The NodeJS Innovation Advantage

Thesis: “when building large scale distributed systems, high performance functional programming languages provide the quickest turnaround from idea to concept; however such advantage disappears as we move from concept to production, and the overall time from idea to production across all programming languages is of the same order of magnitude”.

The NodeJS innovation advantage

I posted this diagram, without justification, yesterday evening, in an attempt to gauge the reactions of the community, in twitter. Thank you to all of you that commented. With the experiment done, let me now provide my thesis and hopefully address most of the feedback so far. I intend to make this post fluid and keep updating as the conversation evolves.

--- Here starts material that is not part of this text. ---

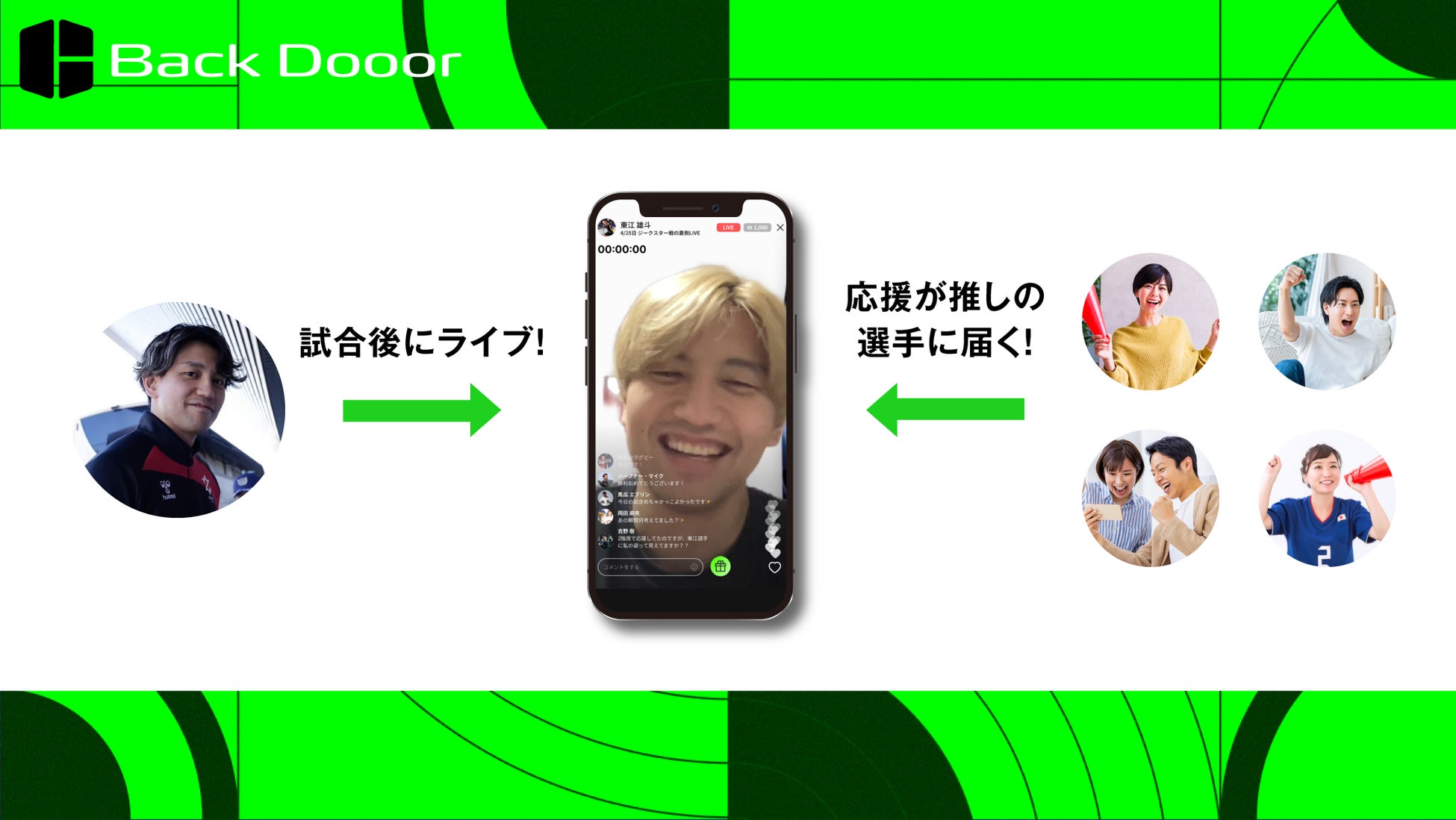 Back Dooor株式会社( 所在地 : 名古屋市昭和区 代表取締役社長 馬瓜エブリン)は、試合後アスリートのライブ配信を視聴できるアプリFantrance(ファントランス)の提供を開始します。

Now, let me qualify the thesis. First, this is a thesis applicable to multiple domains, whether that’s a low-level network switch appliance, a http proxy gateway or a web application. As a consequence, this is not a framework comparison, it’s not about Rails vs Django vs Play vs Express vs …. This is not an argument about dynamic vs statically typed programming languages, although that definitely plays a partial role in the thesis.

Mine is a thesis about the complete team productivity by programming language and across the full product life-cycle from inception to retirement. The thesis is purely based on my observations throughout the years. There is not data to back it up, except anecdotal evidence. In summary, mine is a qualitative statement, not a quantitative one.

If the thesis were true, this would mean that teams using high-performance and functional programming languages can iterate more quickly from idea to concept. Such quick turnaround allows a constant validation of ideas in the code. Because it is quickly possible to see the idea running, we can afford to have more ideas. The quicker we are able to iterate between idea and concept, the more we are innovating.

Such quick turnaround has a real trade-off and a false trade-off.

Moving these concepts to production is difficult. Whether it’s Scheme, or Lisp, or Clojure, or JavaScript, it becomes clear that we are “naked”. Except in “safe but useless” languages, such as Haskell, in most “useful but unsafe” programming languages, the developer has to compensate for the dynamic nature of the language. The developer has to provide the strictness, and to a degree perform the job of the compiler. In statically-typed and imperative programming languages, the compile infrastructure helps the developer ensure the correctness of the code. In dynamically-typed and functional programming languages –by the way, yes these are orthogonal concepts but usually associated–, the developer needs to structure code and provide the necessary checks, assertions, unit tests, regressions tests and modular design. The addition of type hinting and type inference does not change this, it only shifts effort between “before concept” and “after concept”.

High-performance functional programming languages trade strictness for innovation potential. Without the additional investment in checks and tests, these systems are not predictable. The time we gained upfront, we pay later for. I’d argue such trade-off is good, and allows quick iteration to find the right idea.

The second trade-off is about tech debt. The time to production is identical across languages, but because the developer in high-performance functional programming languages had to compensate for the lack of compiler infrastructure and runtime guardrails by adding completeness of tests and checks, the system is easier to maintain and has overall a better architecture. This is almost counter intuitive and I think most people don’t think this way because they move too quickly from concept to production, and don’t implement the necessary strictness. There is a tendency in the developer to move quickly from concept to production, and therefore accruing overall technical debt.

Finally, I believe server-side JavaScript and Google V8 provide such high-performance functional programming language, in the skin of an imperative one, and enable this quick turnaround from idea to concept. This possibly one of the key reasons we are seeing such explosion in adoption. I only hope developers start to realize the trade-off they are doing, and that in order to avoid accrual of technical debt, they better invest in checks and tests before they rush into production.

43 thoughts on “The NodeJS Innovation Advantage

  1. It would be useful to consider an alternative goal, where “production ready” is replaced by “market validated”. Quite often the larger amount of time is spent in validating a product in the market and making the required changes as a part of that process, well after the production-ready stage.

    Its hard to discuss broad conclusions like the one above in absence of specific contexts. At least in my experience, it is much easier (and quicker) to get to production ready stage with python than with java. Thus also leading to a quicker market validation. If these languages such as python were not able to take us faster both to production-ready and market validated stage, I don’t know if they would be used as much.

    Much of the discussed debates and tradeoffs focus on the stages thereafter.

    And yes, Python is a dynamically typed, strongly typed language. (Not weakly typed language). I suspect the same to be true of Ruby as well.

  2. The argument for the strongly-typed-python is rushed. The just ’cause primitives types operators are not python functions, if i send a message to an object does not raise a type error. So, is bullshit.

  3. When I look at this graph (which I do intuitively agree with, again from my own long & painful experiences), what I see is at your “production ready” point, the green line is shallow, and the purple line is steep.

    The question I see is, Where do versions 1.1, 1.5, and 2.0 appear on the graph?